### THE TASK
What is needed is an exact copy of the records, with the images left out.

### Collected data
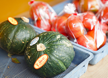 三浦野菜で知られるとおり、三浦には多くの農家が自慢の野菜を作っています。PEEKABOOもかぶをはじめ、スイカ、トマト、きゅうり、かぼちゃ、ホウレン草を作っています。
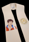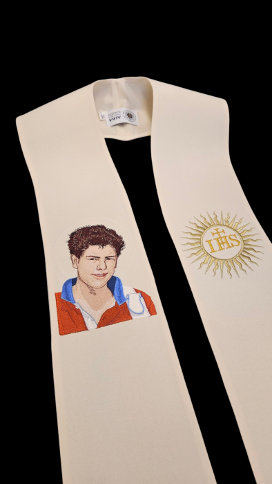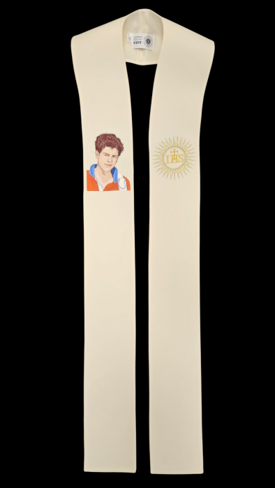 Elegancka stuła kapłańska w kolorze kremowym z mistycznym haftem Świętego Karola Acutisa i złotym symbolem IHS. Idealna dla uroczystych celebracji.
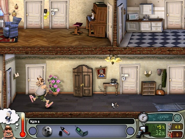 От проделок герой выходит из себя, и его индикатор злости растет. Чем больше антигерой портит нервы своей жертве, тем выше его рейтинг. В награду открываются новые уровни и различные статуэтки. В проекте 14 эпизодов, разделенных на 3 сезона, а также три обучающих пилотных выпуска. Уровни нужно проходить на время, но есть возможность отключить таймер. Протагонист может передвигаться обычным шагом или крадучись, взаимодействуя с окружением. Важно постоянно прятаться от хозяина дома, иначе тот его побьет. В комнатах могут находиться собака или попугай, мимо которых нужно проходить на цыпочках, чтобы не поднять шум. Можно специально создавать звуки, отвлекая тучного мужчину, когда это необходимо.
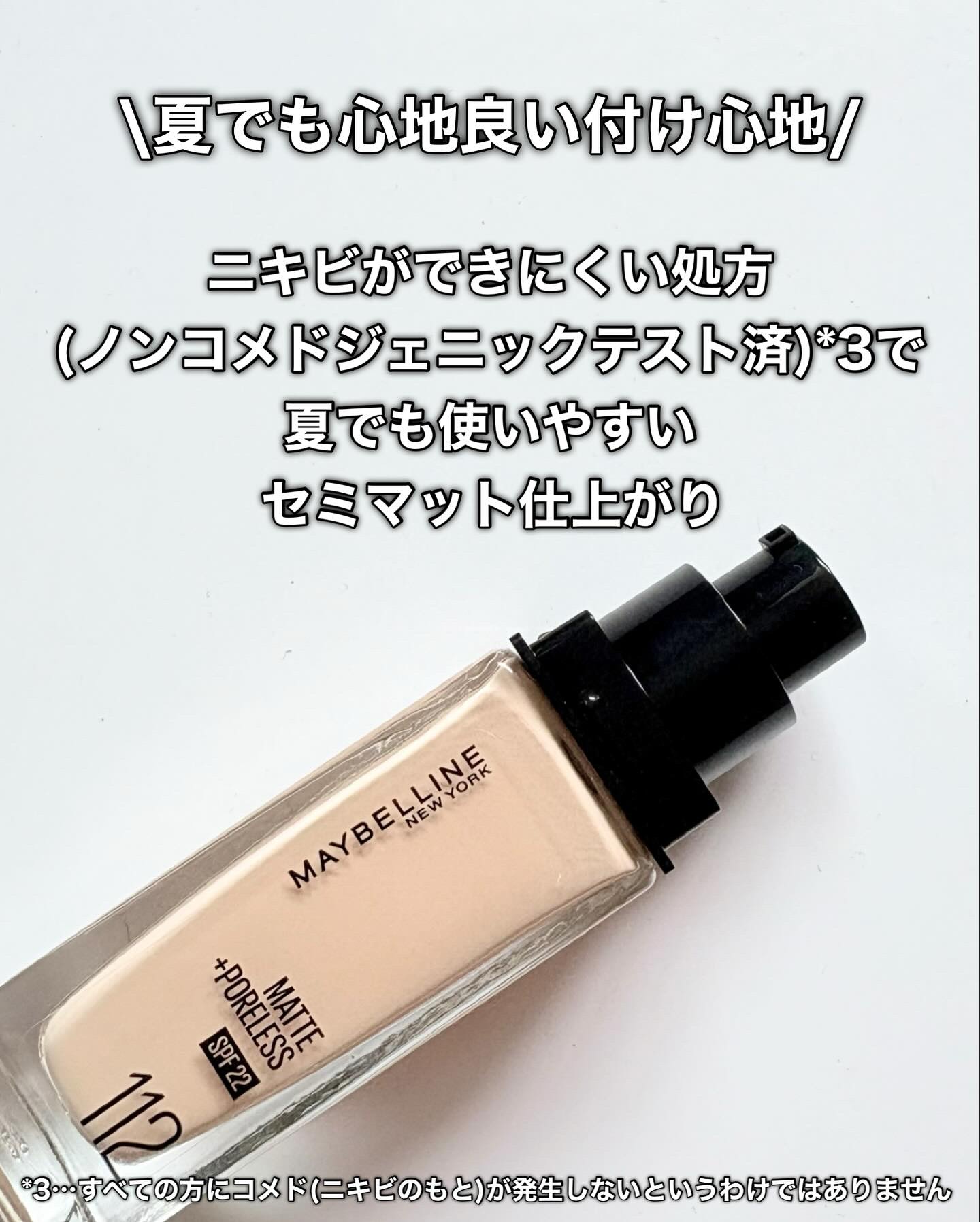 - 肌に溶け込むようになじんで、まるで素肌のような仕上がりのリキッドファンデーション。豊富なカラーバリエーションで妥協なく自分にぴったりの色が見つかります。エアロジェル*1を配合。油分を吸収してしっかり密着、崩れにくいのにうるおい感は残すので長時間心地よい*3。パウダーいらずで、夜までテカらないさらさら仕上がりが続きます。SPF22配合で夏の日差しにも。しっかりUVケアできます。 さらに肌に優しい! -ニキビができにくい処方(ノンコメドジェニックテスト済)*3 -皮膚科医協力のもとテスト済*4 -アレルギーテスト済*4 *1シリル化シリカ(油分吸収成分) *2 メイベリン ニューヨーク調べ。個人差があります。 *3すべての方にコメド(ニキビのもと)が発生しないというわけではありません。 *4すべての方に肌トラブルがおこらないというわけではありません。
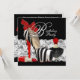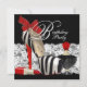 Convite de festa elegante de zebra vermelha. Este lindo convite de festa de zebra vermelha apresenta um fundo de renda preto e branco, sapato preto de salto alto em forma de zebra, frasco de perfume e batom vermelho. Este convite de festa de aniversário elegante e divertido de sapato de salto alto de zebra vermelha é facilmente personalizado para o seu evento, bastando clicar no botão "Personalize!" para começar a adicionar os detalhes do seu evento, estilo de fonte, tamanho e cor da fonte e texto. Por favor, note que todos os cartões e desenhos de convite que você encontrará na Zazzle são gráficos impressos sem joias, laços, relevos, rebaixos ou peças ou partes adicionadas.
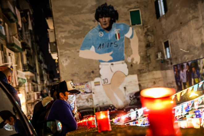Napoli ha perso un pezzo della sua identità e si guarda intorno smarrita: cerca in ogni modo di salutare Diego, prova a esprimere un dolore che sfiora l’inesprimibile. Display delle edicole con la scritta «Addio Diego Maradona», lacrime dei passanti, bandiere azzurre che spuntano al centro storico come in periferia, edicole votive in cui il Pibe è al fianco della Madonna, migliaia di post a invadere ogni profilo social, ogni chat. Locali, come il bar Nilo noto per la reliquia del «capello di Maradona», riapriranno oggi per omaggiare Diego con un fiore. Maradona è nell’anima di Napoli: la voglia di salutarlo è stata immediata, spontanea, unanime. Napoli soffre e piange il suo eterno numero 10 in tanti modi. Dai Quartieri Spagnoli a San Giovanni a Teduccio, dai balconi privati ai social network.
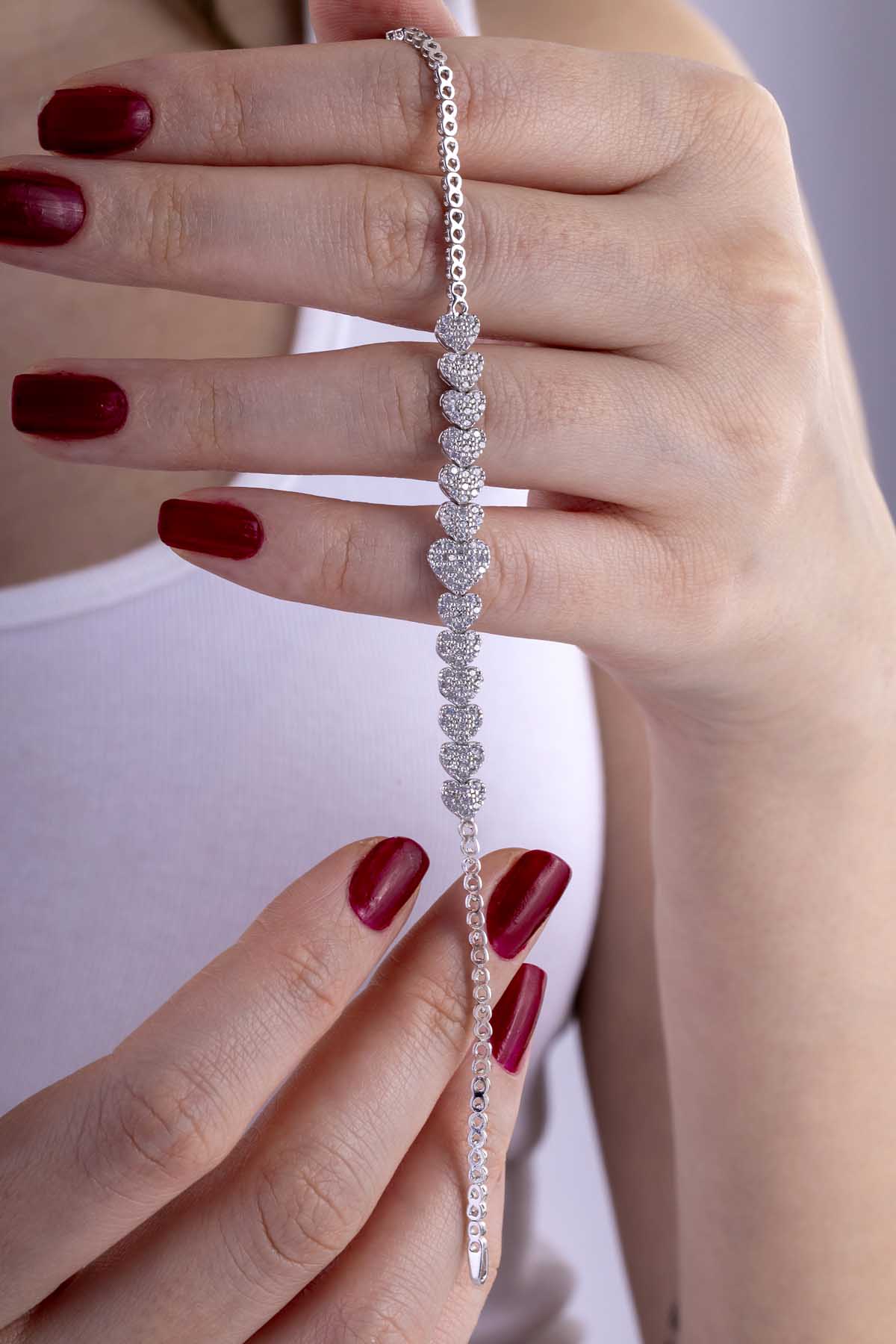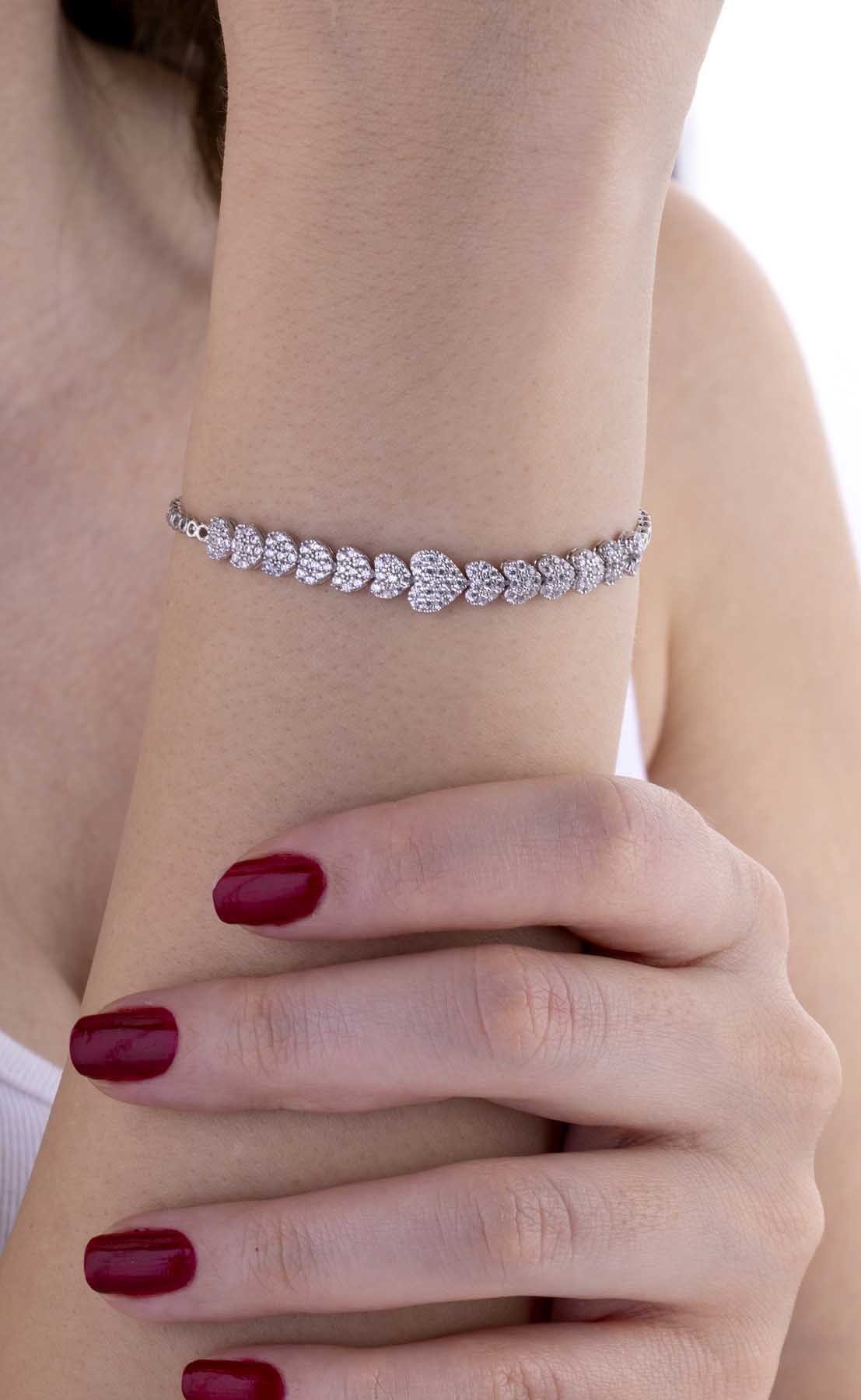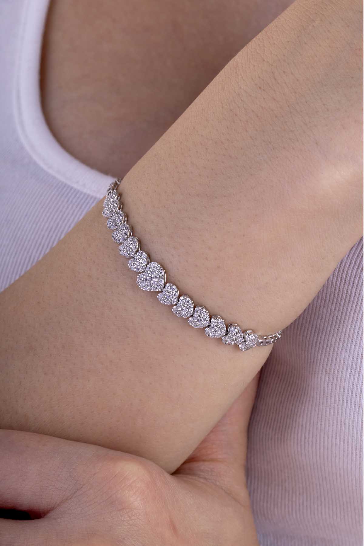 Rodyum Kaplama Kalp Gümüş Su Yolu Bileklik

### TASK ANSWER
 三浦野菜で知られるとおり、三浦には多くの農家が自慢の野菜を作っています。PEEKABOOもかぶをはじめ、スイカ、トマト、きゅうり、かぼちゃ、ホウレン草を作っています。
 Elegancka stuła kapłańska w kolorze kremowym z mistycznym haftem Świętego Karola Acutisa i złotym symbolem IHS. Idealna dla uroczystych celebracji.
 От проделок герой выходит из себя, и его индикатор злости растет. Чем больше антигерой портит нервы своей жертве, тем выше его рейтинг. В награду открываются новые уровни и различные статуэтки. В проекте 14 эпизодов, разделенных на 3 сезона, а также три обучающих пилотных выпуска. Уровни нужно проходить на время, но есть возможность отключить таймер. Протагонист может передвигаться обычным шагом или крадучись, взаимодействуя с окружением. Важно постоянно прятаться от хозяина дома, иначе тот его побьет. В комнатах могут находиться собака или попугай, мимо которых нужно проходить на цыпочках, чтобы не поднять шум. Можно специально создавать звуки, отвлекая тучного мужчину, когда это необходимо.
 - 肌に溶け込むようになじんで、まるで素肌のような仕上がりのリキッドファンデーション。豊富なカラーバリエーションで妥協なく自分にぴったりの色が見つかります。エアロジェル*1を配合。油分を吸収してしっかり密着、崩れにくいのにうるおい感は残すので長時間心地よい*3。パウダーいらずで、夜までテカらないさらさら仕上がりが続きます。SPF22配合で夏の日差しにも。しっかりUVケアできます。 さらに肌に優しい! -ニキビができにくい処方(ノンコメドジェニックテスト済)*3 -皮膚科医協力のもとテスト済*4 -アレルギーテスト済*4 *1シリル化シリカ(油分吸収成分) *2 メイベリン ニューヨーク調べ。個人差があります。 *3すべての方にコメド(ニキビのもと)が発生しないというわけではありません。 *4すべての方に肌トラブルがおこらないというわけではありません。
 Convite de festa elegante de zebra vermelha. Este lindo convite de festa de zebra vermelha apresenta um fundo de renda preto e branco, sapato preto de salto alto em forma de zebra, frasco de perfume e batom vermelho. Este convite de festa de aniversário elegante e divertido de sapato de salto alto de zebra vermelha é facilmente personalizado para o seu evento, bastando clicar no botão "Personalize!" para começar a adicionar os detalhes do seu evento, estilo de fonte, tamanho e cor da fonte e texto. Por favor, note que todos os cartões e desenhos de convite que você encontrará na Zazzle são gráficos impressos sem joias, laços, relevos, rebaixos ou peças ou partes adicionadas.
Napoli ha perso un pezzo della sua identità e si guarda intorno smarrita: cerca in ogni modo di salutare Diego, prova a esprimere un dolore che sfiora l’inesprimibile. Display delle edicole con la scritta «Addio Diego Maradona», lacrime dei passanti, bandiere azzurre che spuntano al centro storico come in periferia, edicole votive in cui il Pibe è al fianco della Madonna, migliaia di post a invadere ogni profilo social, ogni chat. Locali, come il bar Nilo noto per la reliquia del «capello di Maradona», riapriranno oggi per omaggiare Diego con un fiore. Maradona è nell’anima di Napoli: la voglia di salutarlo è stata immediata, spontanea, unanime. Napoli soffre e piange il suo eterno numero 10 in tanti modi. Dai Quartieri Spagnoli a San Giovanni a Teduccio, dai balconi privati ai social network.
 Rodyum Kaplama Kalp Gümüş Su Yolu Bileklik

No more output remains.